以前、ここの擁壁から何か出ていたのだったと思いながら差し掛かり、振り返ると、何かの幼木が大きく枝をこちらへ差し出していた。いちど折られたような様子だった。


川沿いを行くと小さな神社があった。その手前で1株、コスモスが咲いている。うれしくも不思議な気持ちになった。もう日がだいぶ傾いていた。コスモスも横から陽を受けていた。


その先では道の川の側にルピナスがぽつぽつ咲いていた。植えられたというより、以前植えられていたその子孫のように見えた。


モウコタンポポは1か所ではやはり今年も出ていなかった。もう1か所では綿毛をだいぶ放ったようだった。いまも作っている。


残された桜はあおあおと茂っていた。上のほうにちらほら花が残っている。よく見ると、歩道側に伸びた枝の下に、ちょうど頭の上になるあたりに、3輪、花が咲いていた。花が照らしてくれていると感じた。幹に触れた。きょうのあたたかさを蓄えていた。


その桜の下でお話しした方のお宅はもうない。空き地にいろいろな草がぱらぱらと茂っていた。手前で、ヒメジョオンが咲いていた。


ヒトツバタゴは花を咲かせていた。街灯に薄く花が照らされていた。白とは違う、少し紫を含んだ色合いで、暗い空に細かく咲いていた。ちょっとだけマスクを外した。香りはわからなかった。

2019年11月5日

道の記


大くすのきの林だった場所は、くすのきの切り株はなくなって、フェンスの向こうに鉄筋が並んでいた。

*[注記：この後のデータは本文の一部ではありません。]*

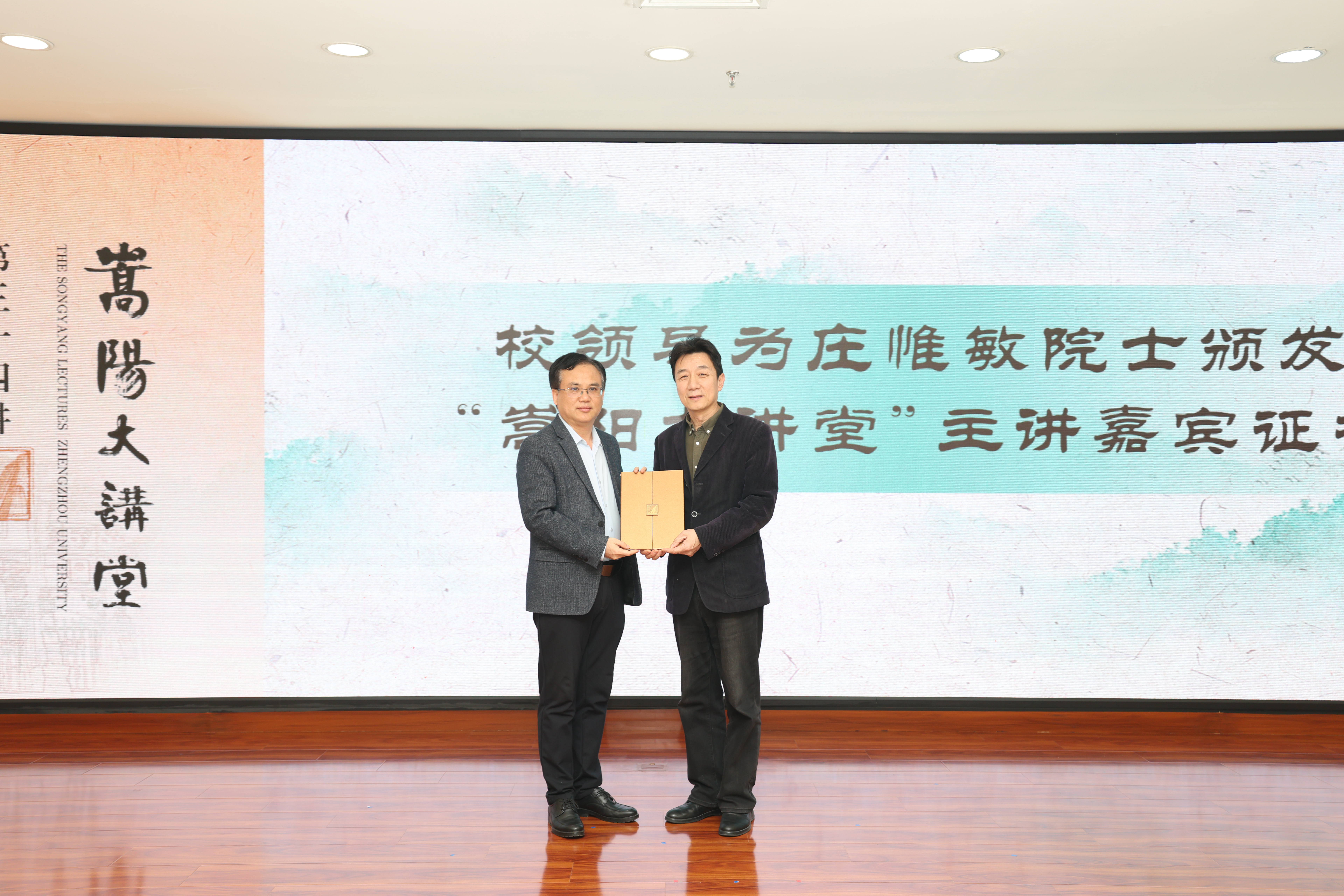 臧双全为庄惟敏颁发“嵩阳大讲堂”主讲嘉宾证书。

柿の木や樫の木の残っていた切り株が撤去された場所は、以前から出ていたヤブガラシが地表を覆っていた。ひこばえらしきものは見えなかった。敷地を越えて出ていた柿の木の芽もなかった。


田んぼだった場所の横の花壇は、ルピナスに似たあざやかな花が穂を立てて咲いていた。ポーチュラカがその下を彩っていた。


桃が1つ花を咲かせていた。その下ではホトケノザがいっぱい咲いていた。


大くすのきの林だった場所の横を帰りにも通った。鉄筋群はそこに新しく生えてきた植物のようにも見えた。彼らもあと50年くらい経ったら、くすのきたちと同じようにここを取り払われるのだろう。人の営みも人の力によって壊されていく。
鉄筋たちがめざす天は曇っていた。ただ土が積まれただけの、以前のものとは違う小高い丘の、その上ではなくはるか離れたところで、満ち始めた月が雲の向こうから照っていた。